Half-Resurrection Blues: Bone Street Rumba, Book 1, written and narrated by Daniel José Older.

Writing Excuses 9.33: Microcasting

Microcasting!

It’s our Q&A format, in which each answer is like its own, tiny little podcast, only without its own unique URL, intro, writing prompt, or any of the other trappings that would actually make it different from a Q&A session.

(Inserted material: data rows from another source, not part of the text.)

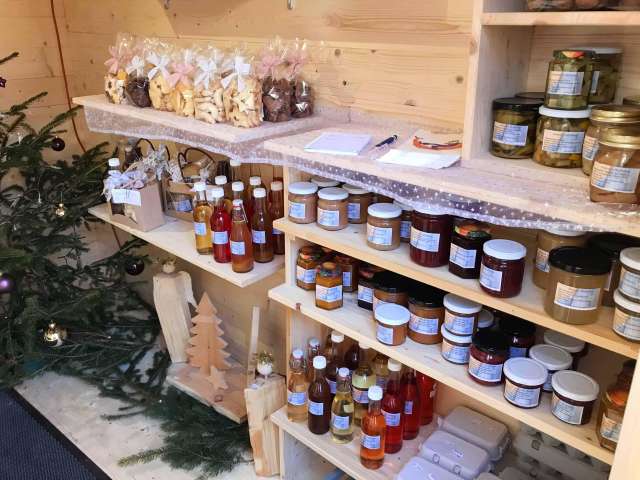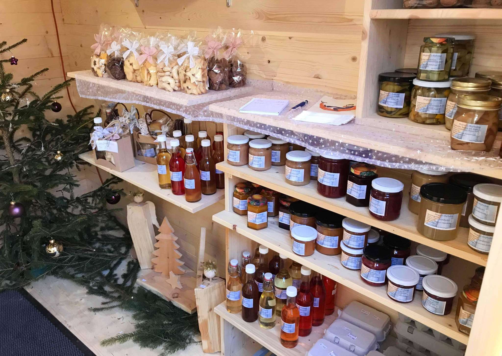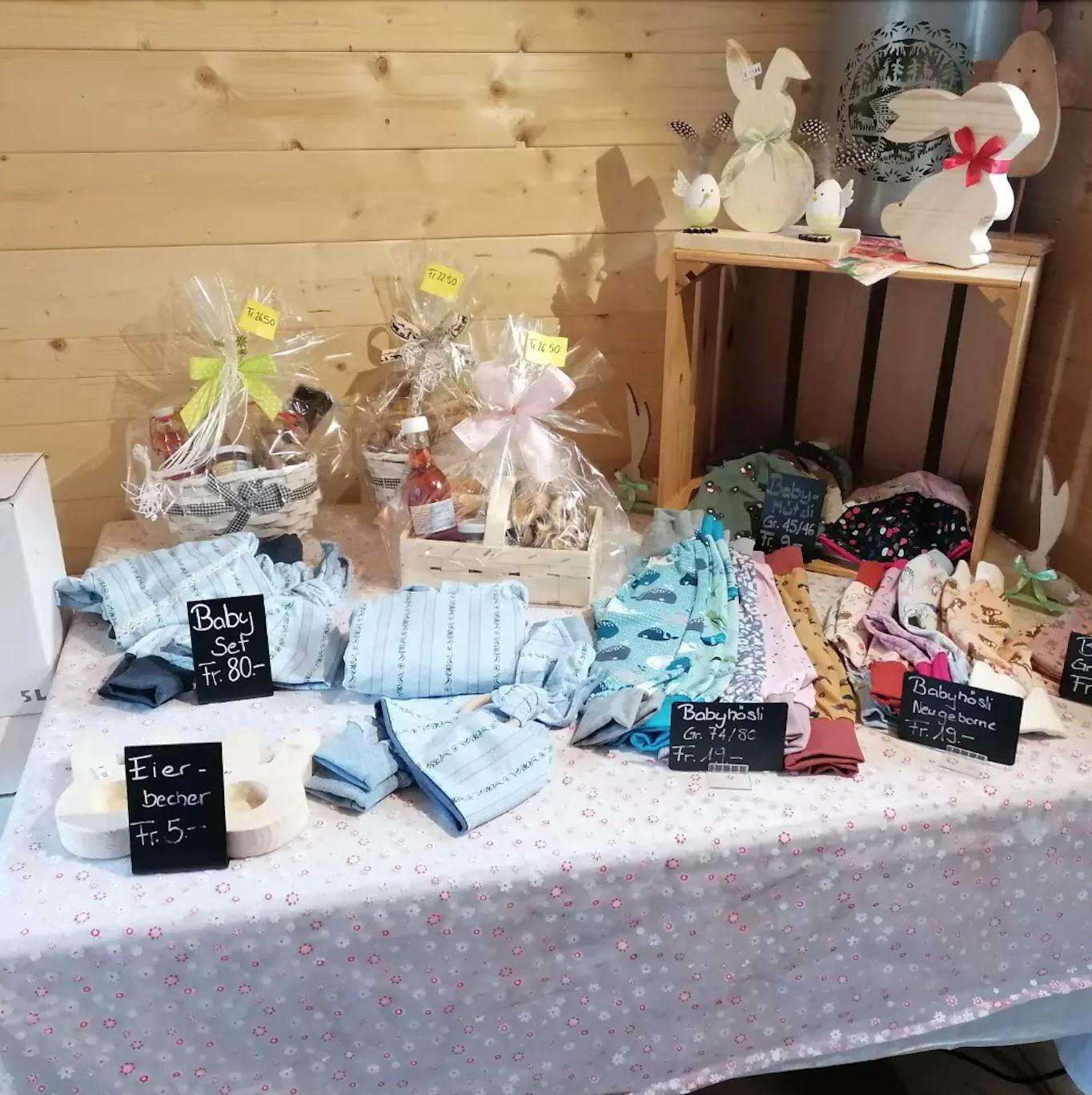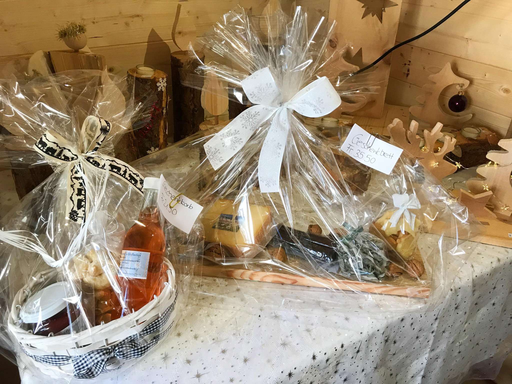 Alpkäse, div. Geschenk-Ideen mit regionalen Produkten, Selbstgenähtes & zur Weihnachtszeit auch selbstgemachte Guetzli.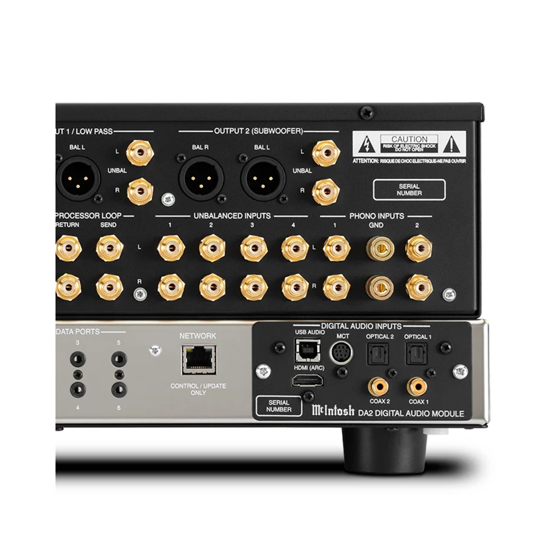 Nuestro módulo de audio digital DA2 aloja las 7 entradas digitales y está alimentado por un convertidor digital-analógico (DAC) cuádruple balanceado de 8 canales y 32 bits de calidad audiófila. El DA2 ofrece una gran variedad de entradas, incluida una entrada HDMI de canal de retorno de audio (ARC)1 que dará nueva vida al sonido de su televisor cuando lo reproduzca a través de su sistema estéreo doméstico. Los formatos de audio multicanal de Dolby® y DTS® se convertirán de forma experta en audio de dos canales para disfrutar de una experiencia auditiva apasionante.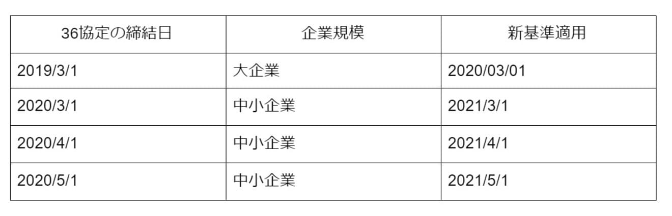 新しい36協定の適用については、2019年4月、中小企業では2020年4月以降とされていますが、この適用というのは「36協定を締結した日が適用日以降である」というのがポイントです。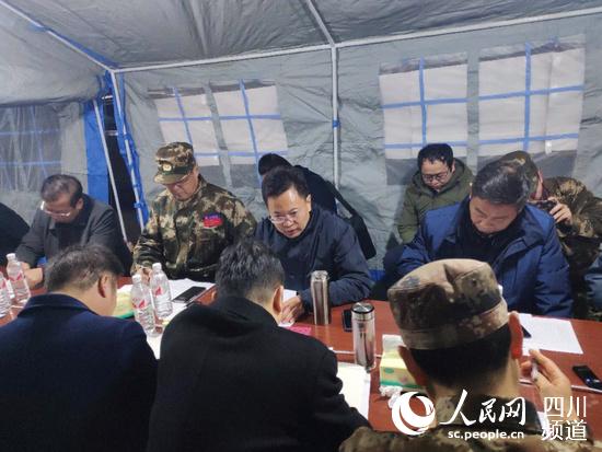 四川省應(yīng)急管理廳廳長段毅君在宜賓市興文縣“12.16”5.7級地震抗震救災(zāi)指揮部指導(dǎo)抗震救災(zāi)工作。(圖片由省應(yīng)急管理廳提供)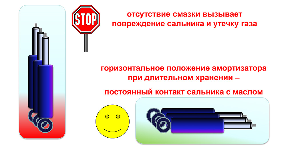 наоборот, и транспортировать и хранить амортизаторы надлежит только в горизонтальном положении!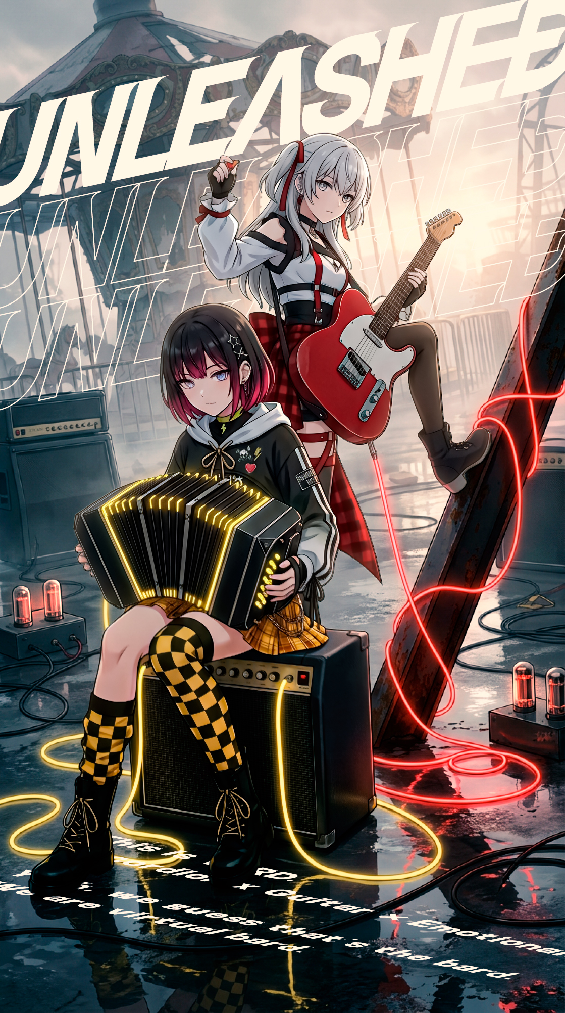 Mysterious piano counter melody with deep reverb, Mysterious piano arpeggios with deep reverb, Music Box Melody, Accordion counter melody, pop-punk, high-energy, male vocals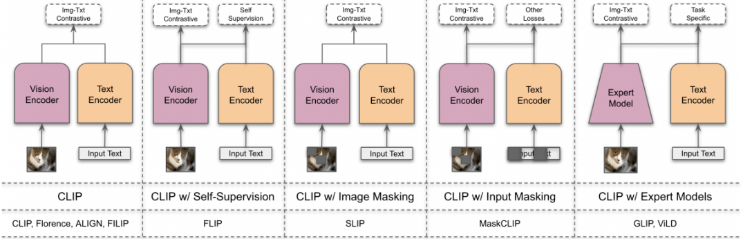 就整体而言,在这一系列基础性的视觉研究工作中,这些方法旨在通过对比学习与遮蔽学习等技术手段来优化 clip 的性能。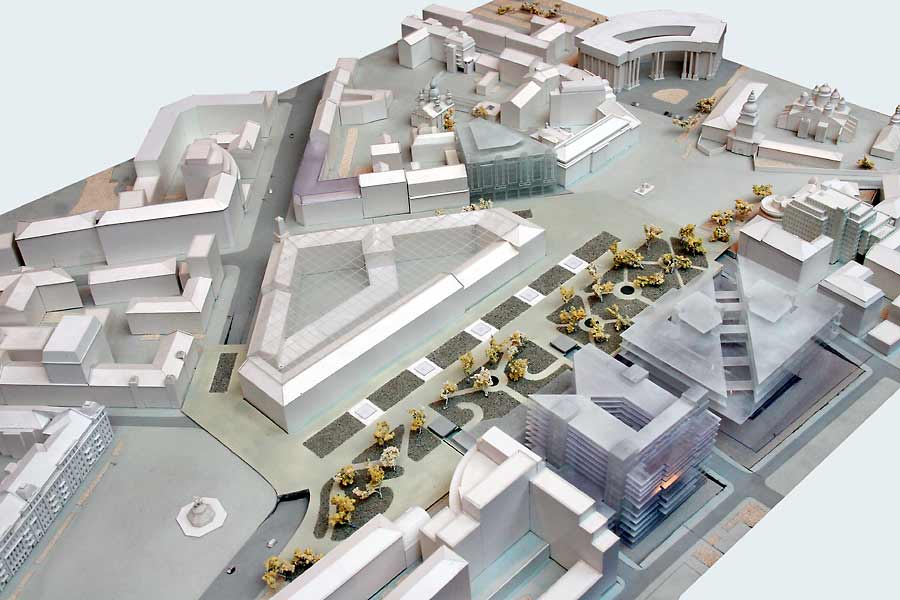 Предлагаемый проект неоднократно представлялся на заседаниях Градостроительного совета на протяжении 2002-2004гг., однако, за прошедшее время произошла смена заказчика. Это связано с предложенным, в свое время Градостроительным советом, уменьшением этажности запроектированного здания. МИД, как заказчик объекта, счел это предложение для себя неприемлемым и передал все свои права фирме «Ярославов Вал», которая и является на сегодняшний день заказчиком.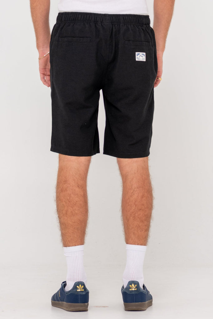 Straight Fit Elastic Waist Walkshort With A 20 Inch Outseam And Silicon Wash. Material: Rayon / Linen Blend - 70% Rayon 30% Linen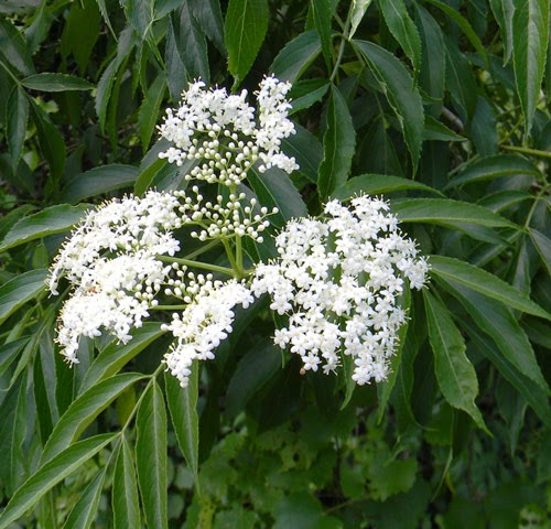 Keep your eyes open for patches of elderberries at this time of year. The blooms are a dead giveaway:

Right. So, it’s basically just a Q&A.

Listen to the podcast for the answers… Here are the questions:

  • Are there biases against non-English writers submitting manuscripts in English?
  • What is the most difficult thing Howard experienced when first creating Schlock Mercenary?
  • Are you ever too old to try to get published?
  • What are some pointers for keeping a milieu story focused on the setting?
  • No, you can’t have a sample of our DNA. None of you.
  • If you were to rewrite your early work, what would you change?
  • How do you improve your proofreading and copy editing?
  • How much time do you spend writing each day? Does it matter WHAT you write during that time?
  • Do you add foreshadowing in the editing stage, or are you just that good?
  • How do you improve your craft as a writer?
  • I don’t have time to ask a question, I’m washing my dog.
  • Do you have any writing exercises that you do regularly?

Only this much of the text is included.